- _How to complete this task_
Repeat only the lines below that run from the line with "11月30日,学院在Q楼30" to the line with "Prędkość [m/min] |", ends included; skip every picture.

- _Material provided_
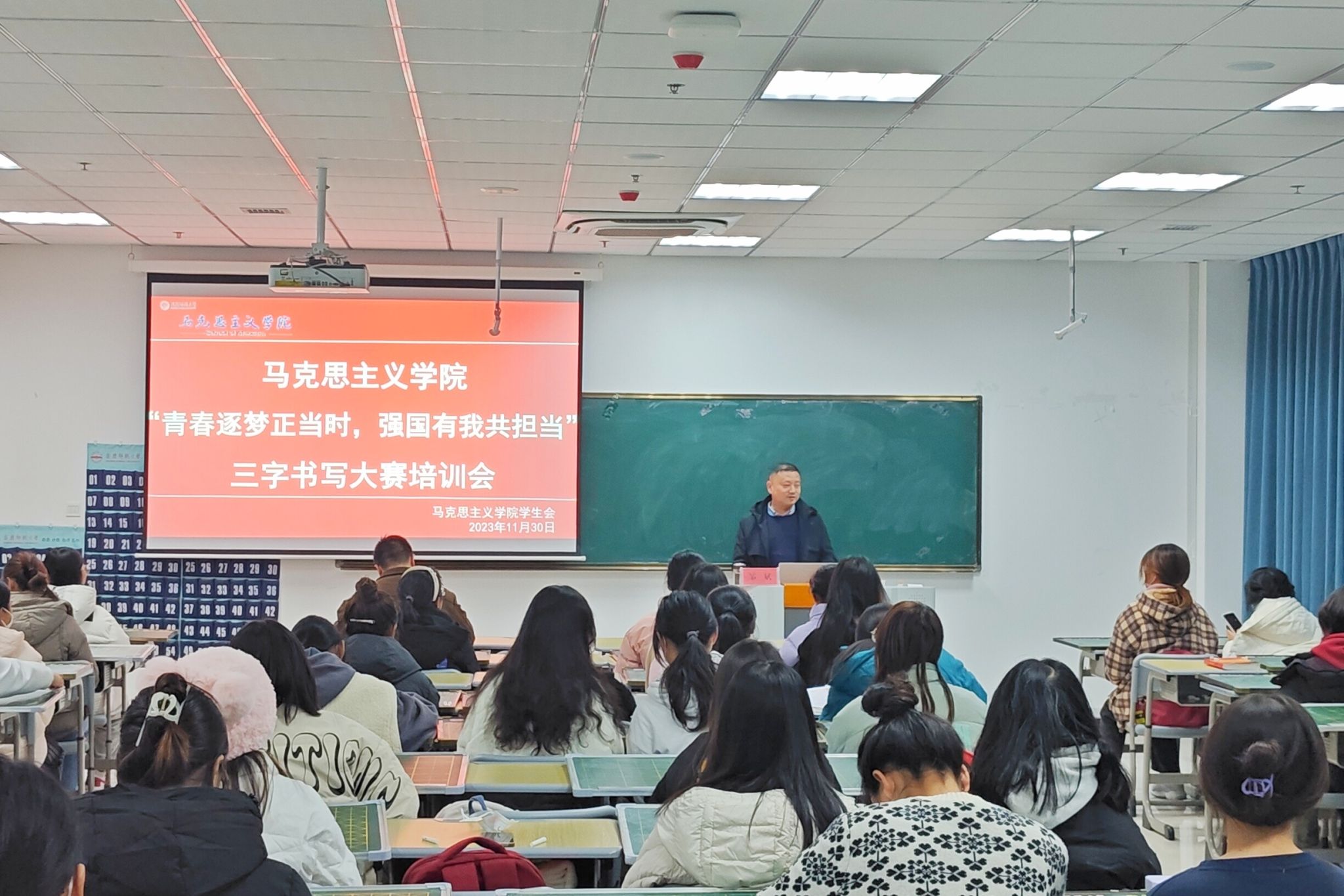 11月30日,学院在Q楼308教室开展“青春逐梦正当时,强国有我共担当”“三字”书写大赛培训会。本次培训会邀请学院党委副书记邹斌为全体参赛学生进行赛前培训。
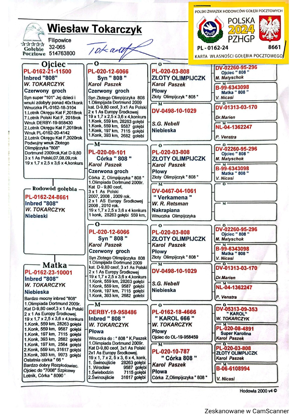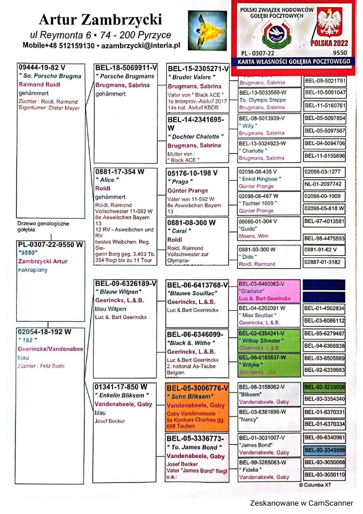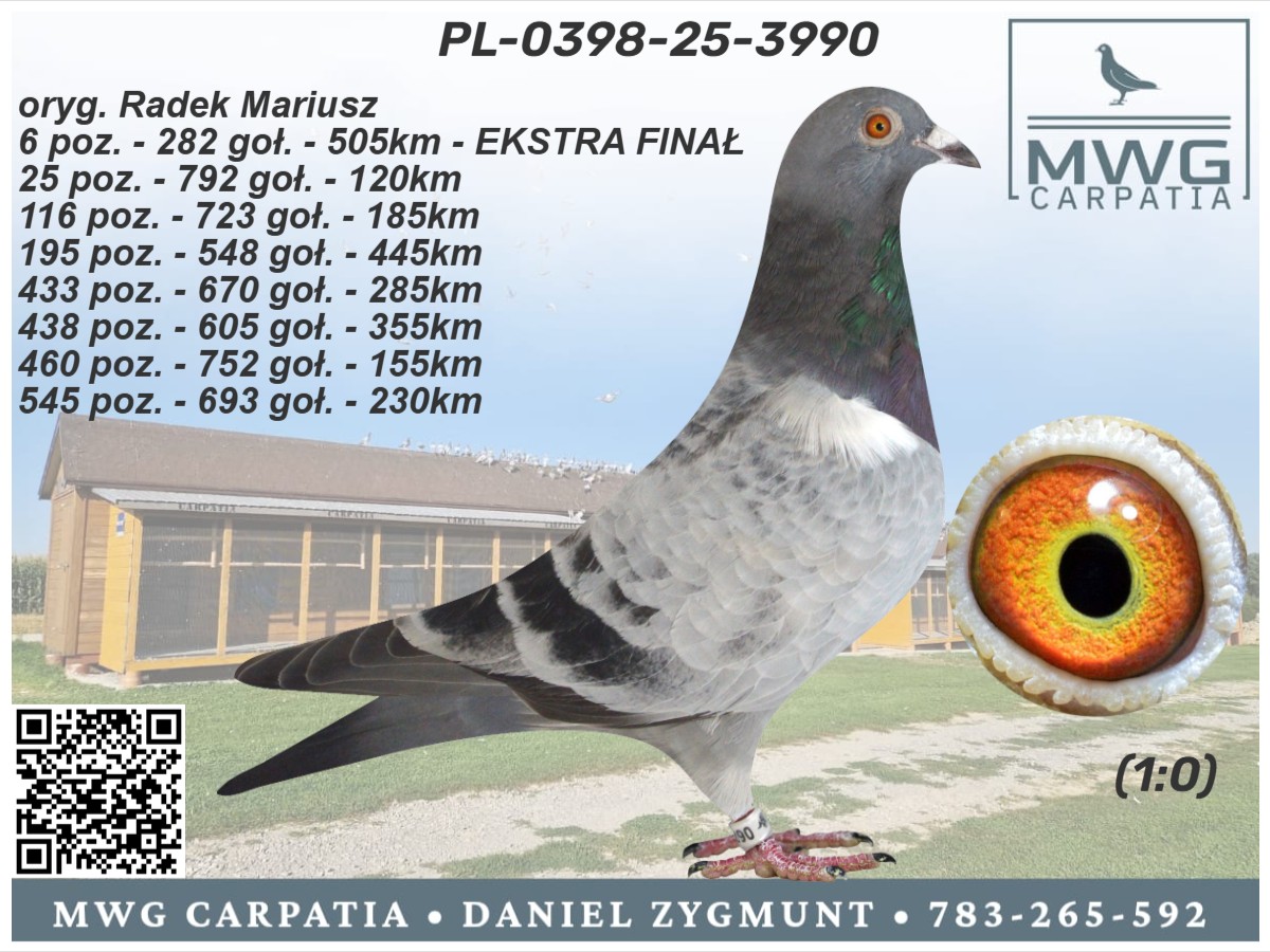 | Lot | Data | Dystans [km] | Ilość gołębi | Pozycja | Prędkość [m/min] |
...
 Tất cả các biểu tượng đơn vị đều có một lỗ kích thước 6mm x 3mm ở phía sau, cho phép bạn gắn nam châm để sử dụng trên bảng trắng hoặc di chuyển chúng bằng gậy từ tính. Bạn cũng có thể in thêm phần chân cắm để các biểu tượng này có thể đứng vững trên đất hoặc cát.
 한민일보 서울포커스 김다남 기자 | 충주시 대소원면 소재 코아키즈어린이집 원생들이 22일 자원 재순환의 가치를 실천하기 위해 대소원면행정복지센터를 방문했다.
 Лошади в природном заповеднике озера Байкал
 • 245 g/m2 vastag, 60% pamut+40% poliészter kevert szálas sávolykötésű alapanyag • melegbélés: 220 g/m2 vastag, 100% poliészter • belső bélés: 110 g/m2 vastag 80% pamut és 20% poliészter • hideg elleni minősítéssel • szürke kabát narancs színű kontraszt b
---
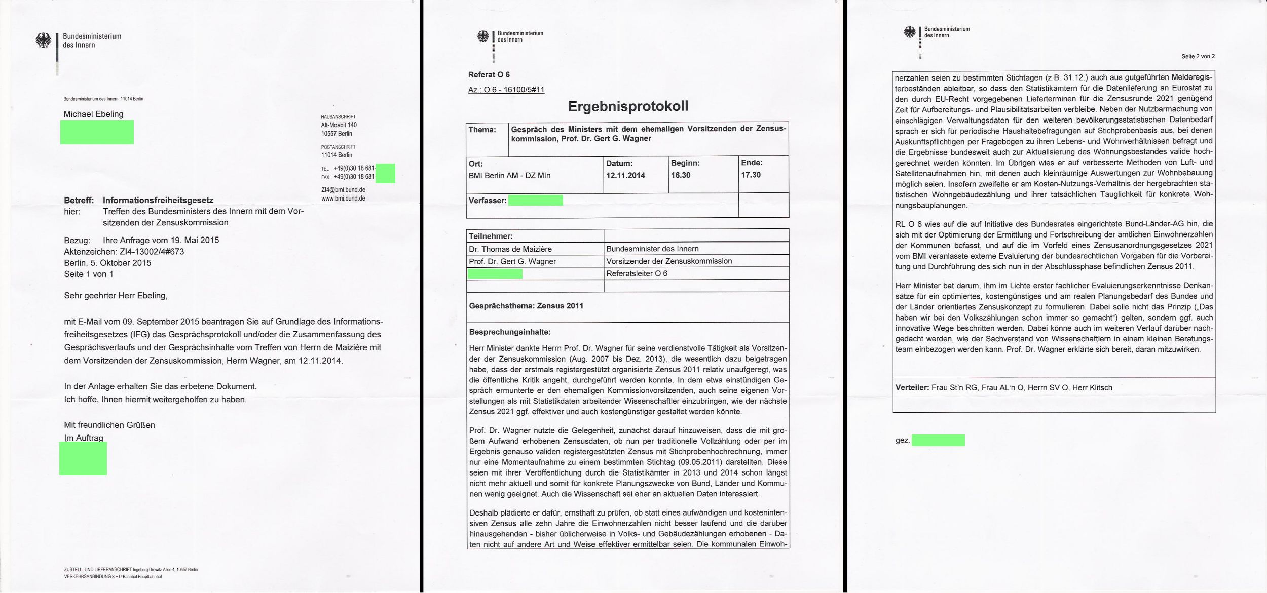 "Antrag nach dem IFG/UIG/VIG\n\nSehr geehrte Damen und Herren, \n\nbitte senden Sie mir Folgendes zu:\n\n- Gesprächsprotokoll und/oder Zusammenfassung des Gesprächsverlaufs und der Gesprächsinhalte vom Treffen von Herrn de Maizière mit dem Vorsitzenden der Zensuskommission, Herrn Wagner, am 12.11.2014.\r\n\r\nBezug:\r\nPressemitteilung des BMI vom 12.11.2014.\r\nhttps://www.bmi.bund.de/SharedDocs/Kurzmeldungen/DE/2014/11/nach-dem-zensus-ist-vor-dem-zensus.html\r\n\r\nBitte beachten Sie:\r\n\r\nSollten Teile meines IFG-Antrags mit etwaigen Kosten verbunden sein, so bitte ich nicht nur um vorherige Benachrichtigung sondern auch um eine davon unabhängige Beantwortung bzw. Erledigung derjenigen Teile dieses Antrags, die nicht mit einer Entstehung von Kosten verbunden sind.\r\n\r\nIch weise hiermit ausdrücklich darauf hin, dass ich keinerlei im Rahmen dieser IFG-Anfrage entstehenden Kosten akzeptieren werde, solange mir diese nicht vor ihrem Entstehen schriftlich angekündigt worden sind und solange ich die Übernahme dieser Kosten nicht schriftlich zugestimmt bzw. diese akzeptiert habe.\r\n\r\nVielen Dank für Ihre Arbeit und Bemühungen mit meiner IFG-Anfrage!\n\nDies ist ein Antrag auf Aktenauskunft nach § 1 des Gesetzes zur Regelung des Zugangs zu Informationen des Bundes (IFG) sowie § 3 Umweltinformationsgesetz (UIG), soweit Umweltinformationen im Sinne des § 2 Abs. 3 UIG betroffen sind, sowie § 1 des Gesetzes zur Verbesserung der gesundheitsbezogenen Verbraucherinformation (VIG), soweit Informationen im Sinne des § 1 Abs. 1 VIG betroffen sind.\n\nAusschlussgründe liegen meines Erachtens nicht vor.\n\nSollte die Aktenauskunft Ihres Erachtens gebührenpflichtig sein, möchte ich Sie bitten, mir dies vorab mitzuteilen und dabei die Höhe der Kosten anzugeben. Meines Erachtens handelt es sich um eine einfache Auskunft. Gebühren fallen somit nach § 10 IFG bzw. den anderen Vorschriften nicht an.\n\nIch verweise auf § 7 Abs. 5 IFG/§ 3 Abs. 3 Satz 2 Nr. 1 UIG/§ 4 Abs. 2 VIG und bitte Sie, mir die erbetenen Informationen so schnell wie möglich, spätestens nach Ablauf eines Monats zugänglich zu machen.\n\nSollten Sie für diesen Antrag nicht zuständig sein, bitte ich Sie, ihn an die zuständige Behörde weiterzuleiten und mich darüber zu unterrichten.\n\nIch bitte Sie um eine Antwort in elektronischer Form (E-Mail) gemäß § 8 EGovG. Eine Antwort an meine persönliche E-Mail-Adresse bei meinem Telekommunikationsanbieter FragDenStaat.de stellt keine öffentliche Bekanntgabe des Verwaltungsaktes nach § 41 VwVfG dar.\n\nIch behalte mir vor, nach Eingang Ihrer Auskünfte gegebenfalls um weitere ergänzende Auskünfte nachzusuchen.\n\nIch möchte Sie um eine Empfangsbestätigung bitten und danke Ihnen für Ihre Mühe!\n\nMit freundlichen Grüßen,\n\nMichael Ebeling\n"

- _Solution for this problem_
 11月30日,学院在Q楼308教室开展“青春逐梦正当时,强国有我共担当”“三字”书写大赛培训会。本次培训会邀请学院党委副书记邹斌为全体参赛学生进行赛前培训。
 | Lot | Data | Dystans [km] | Ilość gołębi | Pozycja | Prędkość [m/min] |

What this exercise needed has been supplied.